A poll of Japanese processed seafood producers affected by the March 2011 earthquake and tsunami showed Friday that only 40 percent have seen sales recover to 80 percent or more of pre-disaster levels.
Concern over the effects of the nuclear accident triggered by the disaster, labor shortages and cost increases amid the weaker yen are impeding the recovery of the eastern Japan region's mainstay industry, according to the poll conducted by the Fisheries Agency.
The agency conducted the poll between November and January in five prefectures hit hard by the disaster, receiving responses from 314, or 34 percent, of firms covered by the poll.
Seafood firms that had seen sales recover to 80 percent or higher accounted for 90 percent of the total respondents in Aomori, 58 percent in Iwate, 40 percent in Miyagi, 39 percent in Ibaraki and 21 percent in Fukushima, which hosts the disaster-hit nuclear plant.

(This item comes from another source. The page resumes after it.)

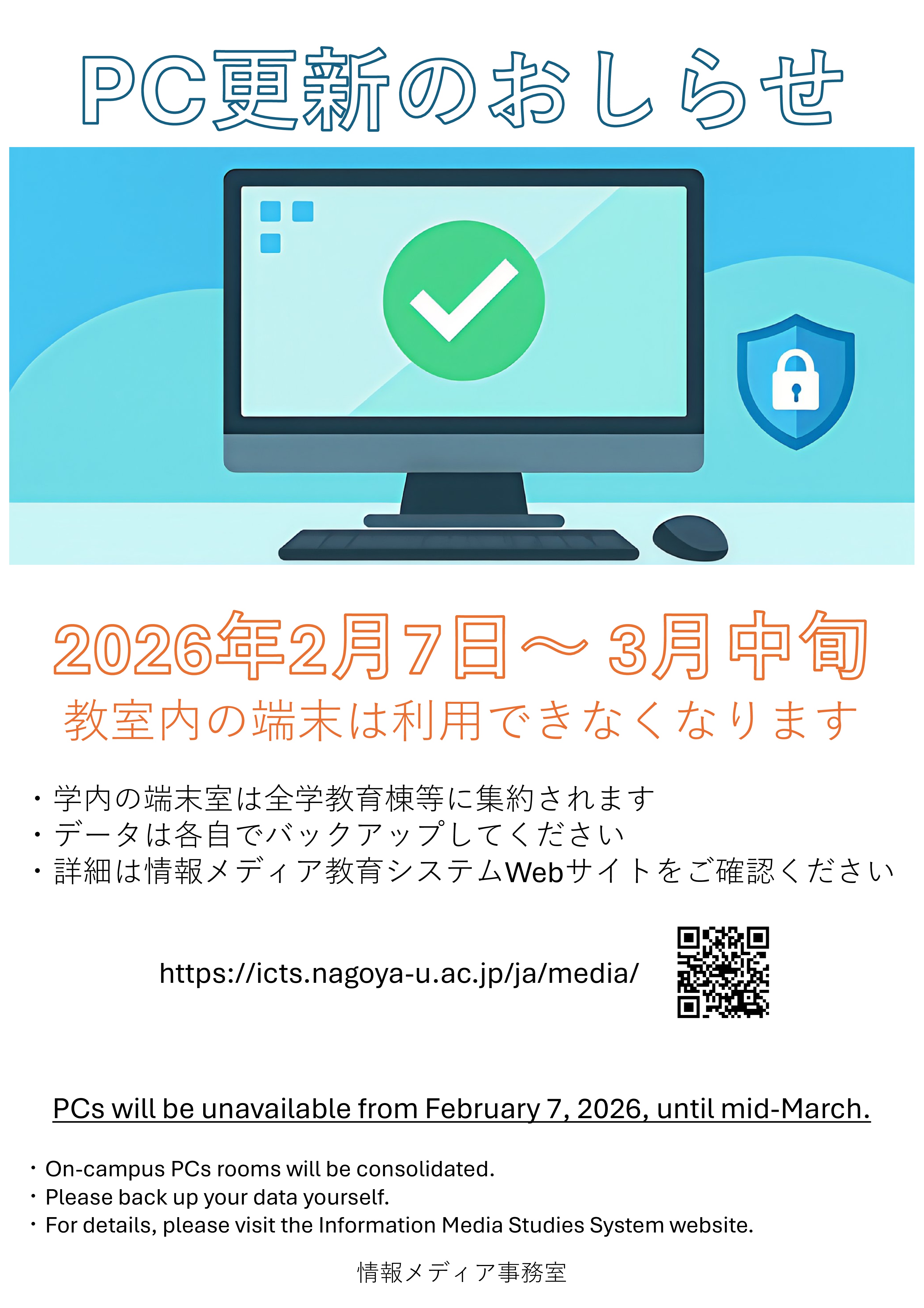 2026 Academic Year PC Lab Reservations ※Nagoya University internal access only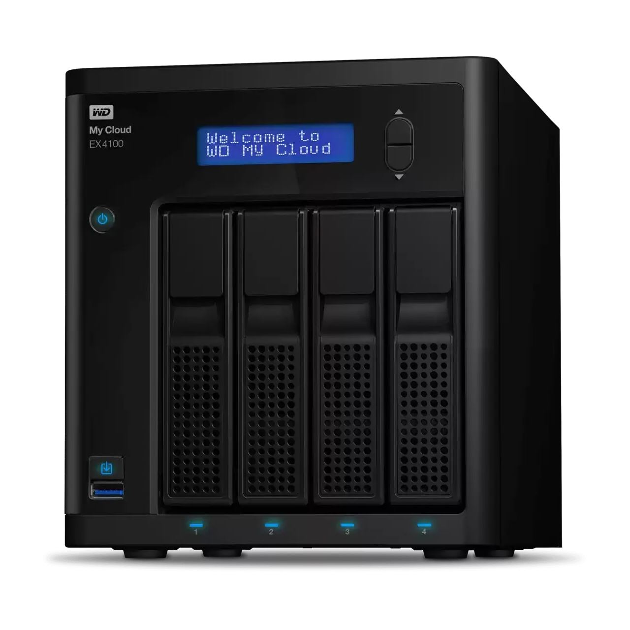 Western Digital My Cloud Pro My Cloud EX4100. Gesamte installierte Speicherkapazität: 40 TB, Typ des installierten Speicherlaufwerks: HDD, Unterstützte Speicherlaufwerke: HDD. Prozessorfamilie: Marvell, Prozessor: Armada 388, Prozessor-Taktfrequenz: 1,6 GHz. Speicherkapazität: 2 GB, Interner Speichertyp: DDR3. Ethernet LAN Datentransferraten: 10,100,1000 Mbit/s, Unterstützte Netzwerkprotokolle: IPv6, iSCSI, SSH, LLTD, UPnP, NTP, Apple Bonjour, Windows Rally. Gehäusetyp: Desktop, Kühlung: Aktiv, Produktfarbe: Schwarz

Compared with a separate survey conducted between February and March last year in the hardest-hit prefectures of Iwate, Miyagi and Fukushima, the proportion of seafood processing firms showing sales recoveries of 80 percent or higher still increased in those prefectures.
Larger companies tended to see faster recoveries than smaller ones. In the latest five-prefecture poll, respondents that had seen sales recover to 80 percent or higher accounted for 61 percent of firms capitalized at 50 million yen or more, much higher than 25 percent among companies with capital of 10 million yen or less.
Among problems faced by the companies, 31 percent of the respondents, accounting for the largest proportion, cited difficulties in securing sales channels and food safety concerns associated with the nuclear accident, followed by 25 percent reporting labor shortages.